* **Given information**:

· · ·

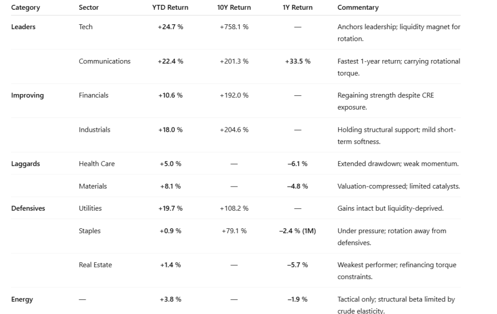 Allocator Note: Overweight growth / cyclicals; underweight defensives. Maintain beta discipline but ride liquidity-led continuation until breadth or credit breach occurs.
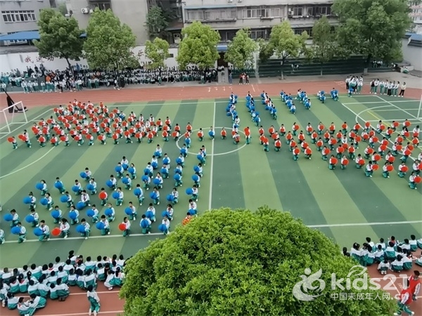 随着音乐响起,手持彩球的300人矩形方阵霎时铺满运动场。整个表演共有方阵队形变换、“风轮”图案和“工匠”“加油”字样四次大的变换。配合着音乐,队形有方阵变为图案,有图案变成字样,红、黄、蓝、绿四个颜色或单独或交替显现,现场甚为壮观。当寓意新时代的“工匠”们在新的征程上像“风轮”一样“加油”向前,喜迎二十大的图案或字样出现时,更是让在场人员不由得发出惊呼与赞叹。表演中,整个方阵动作整齐划一,队形变化多姿,色彩艳丽,展现了肖小孩子们朝气蓬勃、健康向上的精神风貌。
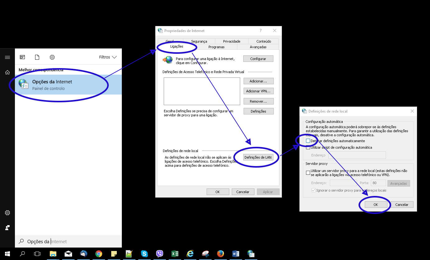> depois DESACTIVAR a opção "Detetar definições automaticamente" e clicar OK.

· · ·

* **Aim of the exercise**: What you output must match the data exactly, apart from the pictures, which are left out.

* **Output below**:
 Allocator Note: Overweight growth / cyclicals; underweight defensives. Maintain beta discipline but ride liquidity-led continuation until breadth or credit breach occurs.
 随着音乐响起,手持彩球的300人矩形方阵霎时铺满运动场。整个表演共有方阵队形变换、“风轮”图案和“工匠”“加油”字样四次大的变换。配合着音乐,队形有方阵变为图案,有图案变成字样,红、黄、蓝、绿四个颜色或单独或交替显现,现场甚为壮观。当寓意新时代的“工匠”们在新的征程上像“风轮”一样“加油”向前,喜迎二十大的图案或字样出现时,更是让在场人员不由得发出惊呼与赞叹。表演中,整个方阵动作整齐划一,队形变化多姿,色彩艳丽,展现了肖小孩子们朝气蓬勃、健康向上的精神风貌。
> depois DESACTIVAR a opção "Detetar definições automaticamente" e clicar OK.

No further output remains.